The records that follow are to be transcribed in full, without their images.

Start of Block

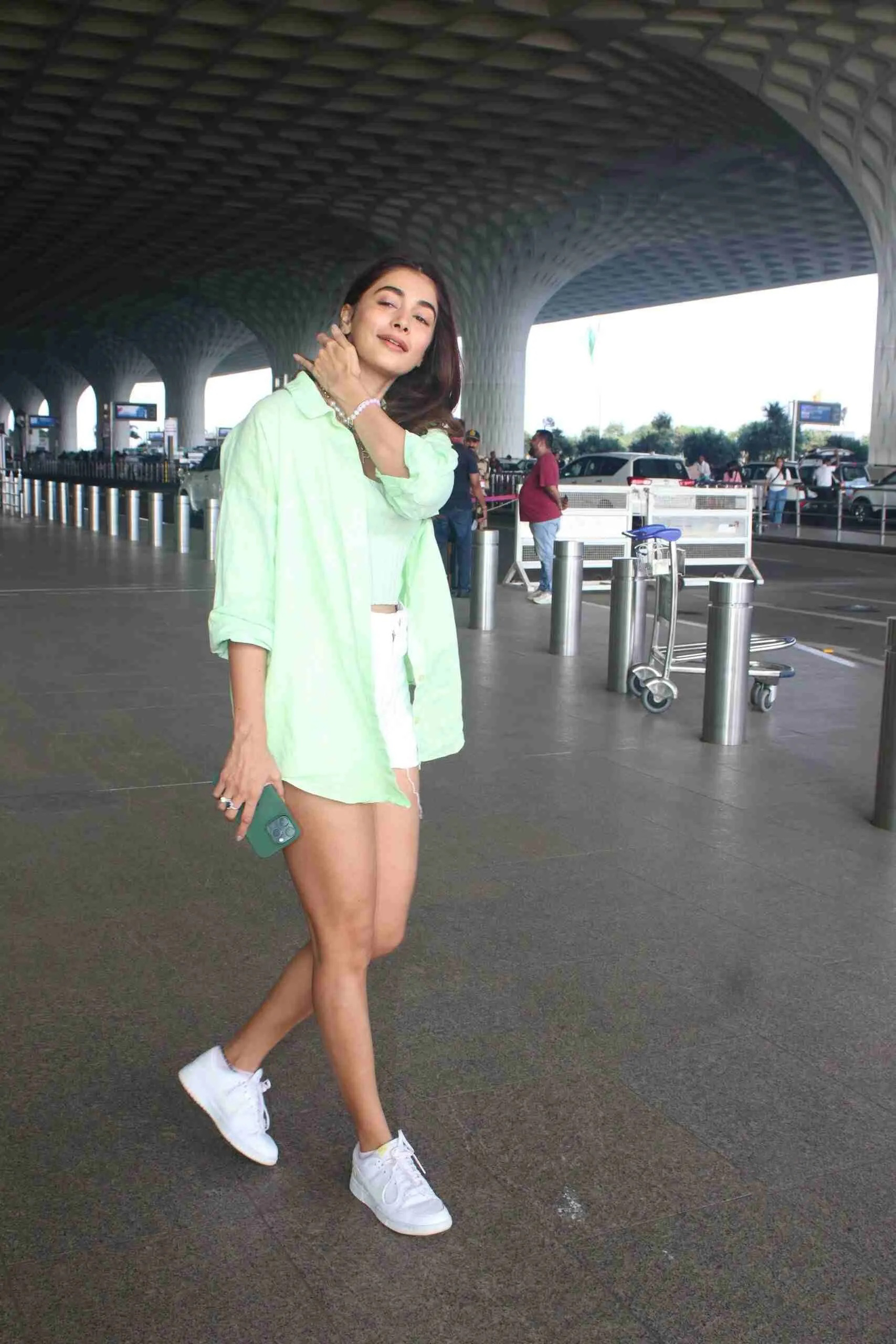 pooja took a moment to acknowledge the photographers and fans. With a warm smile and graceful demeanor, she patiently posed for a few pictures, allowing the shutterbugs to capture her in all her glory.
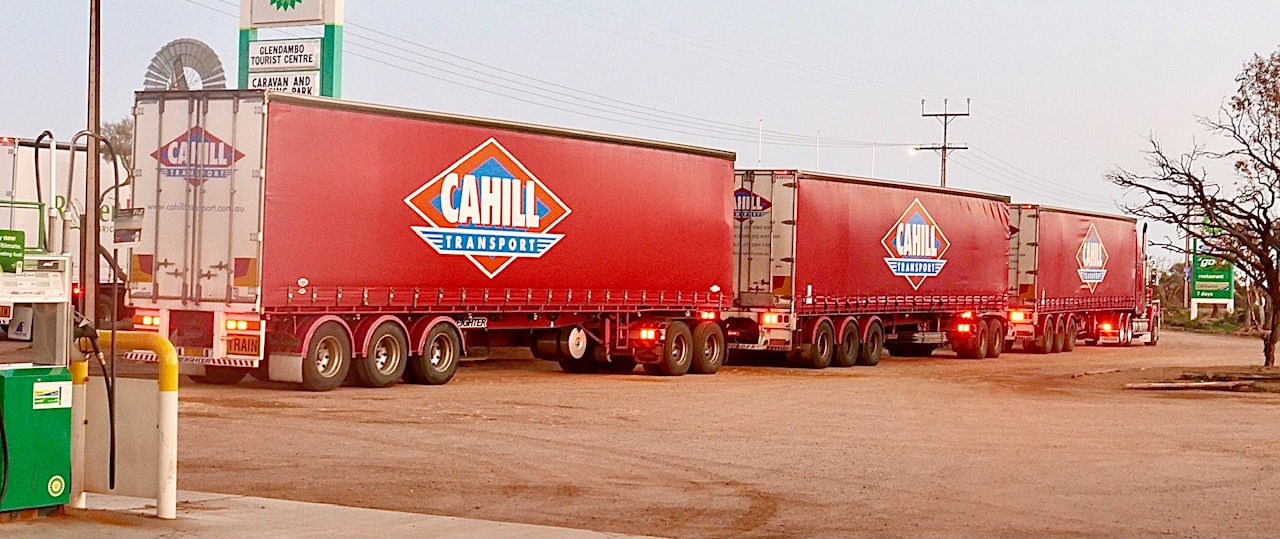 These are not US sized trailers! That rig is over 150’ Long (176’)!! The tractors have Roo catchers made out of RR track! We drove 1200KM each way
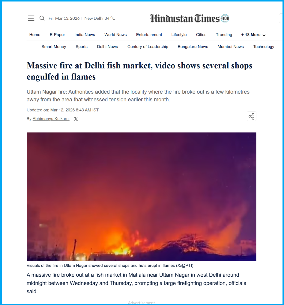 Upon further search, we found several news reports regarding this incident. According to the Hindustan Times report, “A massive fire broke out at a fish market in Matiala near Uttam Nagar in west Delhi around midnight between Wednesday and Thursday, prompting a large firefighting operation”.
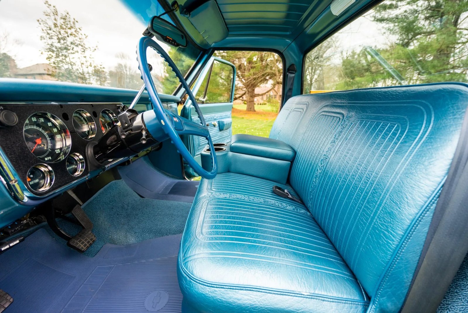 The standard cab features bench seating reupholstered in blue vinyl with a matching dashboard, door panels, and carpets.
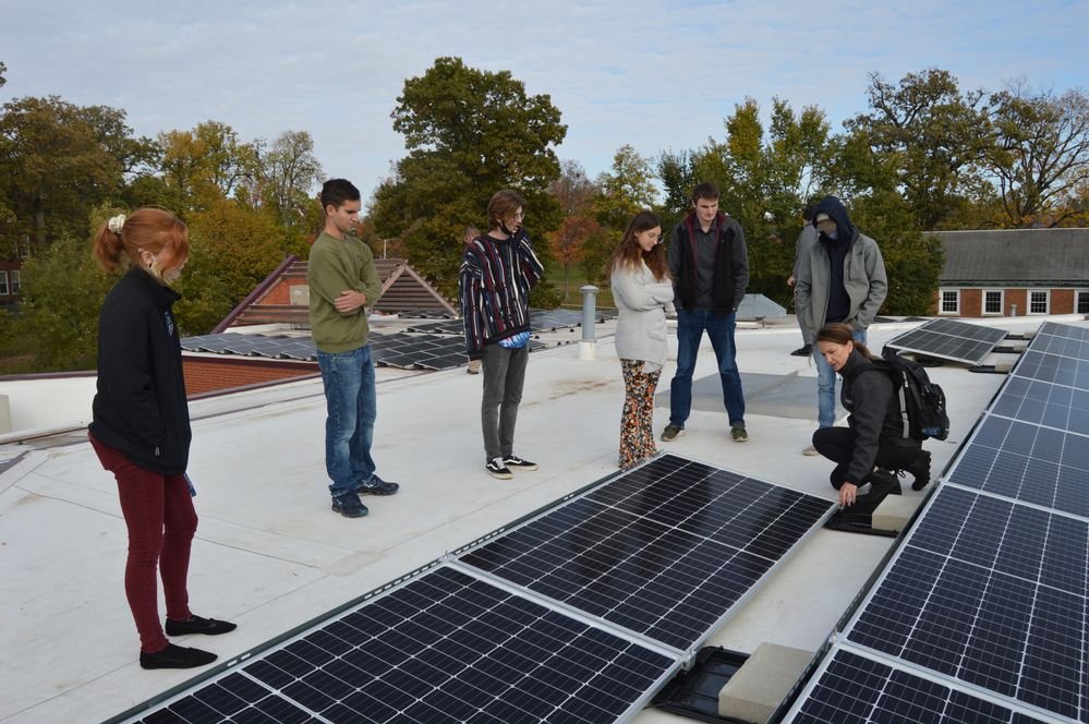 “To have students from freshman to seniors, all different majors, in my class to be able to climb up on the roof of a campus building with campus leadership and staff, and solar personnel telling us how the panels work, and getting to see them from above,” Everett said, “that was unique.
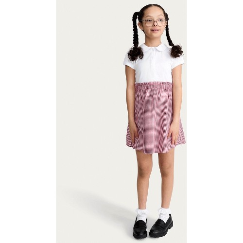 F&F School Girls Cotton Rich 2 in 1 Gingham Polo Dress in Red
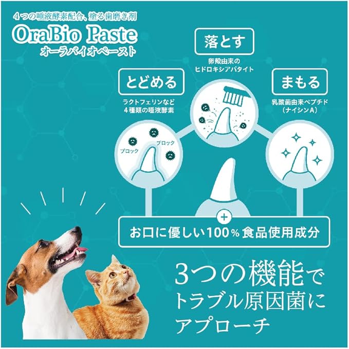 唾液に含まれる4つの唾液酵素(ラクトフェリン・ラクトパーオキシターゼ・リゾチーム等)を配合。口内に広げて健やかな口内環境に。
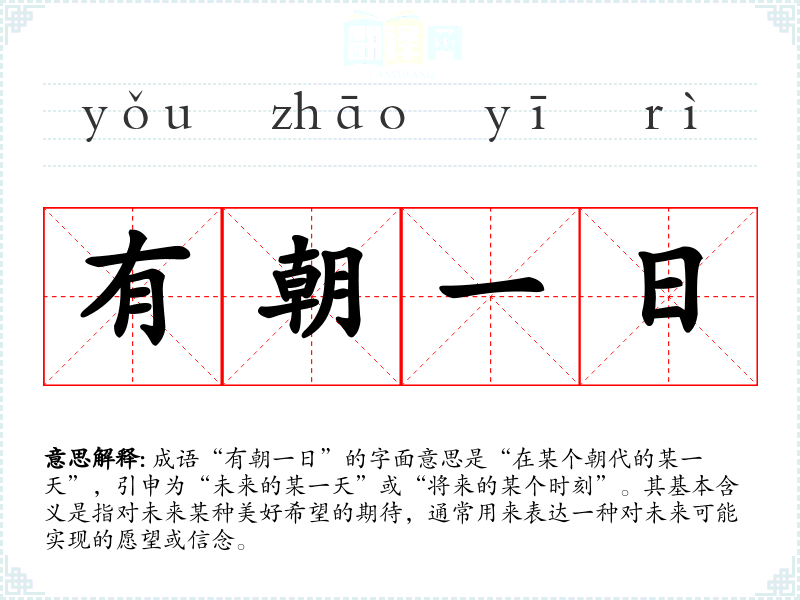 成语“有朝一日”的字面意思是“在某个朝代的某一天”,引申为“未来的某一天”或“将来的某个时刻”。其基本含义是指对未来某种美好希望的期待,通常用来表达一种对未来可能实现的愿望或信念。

End of Block

Response to the exercise:
 pooja took a moment to acknowledge the photographers and fans. With a warm smile and graceful demeanor, she patiently posed for a few pictures, allowing the shutterbugs to capture her in all her glory.
 These are not US sized trailers! That rig is over 150’ Long (176’)!! The tractors have Roo catchers made out of RR track! We drove 1200KM each way
 Upon further search, we found several news reports regarding this incident. According to the Hindustan Times report, “A massive fire broke out at a fish market in Matiala near Uttam Nagar in west Delhi around midnight between Wednesday and Thursday, prompting a large firefighting operation”.
 The standard cab features bench seating reupholstered in blue vinyl with a matching dashboard, door panels, and carpets.
 “To have students from freshman to seniors, all different majors, in my class to be able to climb up on the roof of a campus building with campus leadership and staff, and solar personnel telling us how the panels work, and getting to see them from above,” Everett said, “that was unique.
 F&F School Girls Cotton Rich 2 in 1 Gingham Polo Dress in Red
 唾液に含まれる4つの唾液酵素(ラクトフェリン・ラクトパーオキシターゼ・リゾチーム等)を配合。口内に広げて健やかな口内環境に。
 成语“有朝一日”的字面意思是“在某个朝代的某一天”,引申为“未来的某一天”或“将来的某个时刻”。其基本含义是指对未来某种美好希望的期待,通常用来表达一种对未来可能实现的愿望或信念。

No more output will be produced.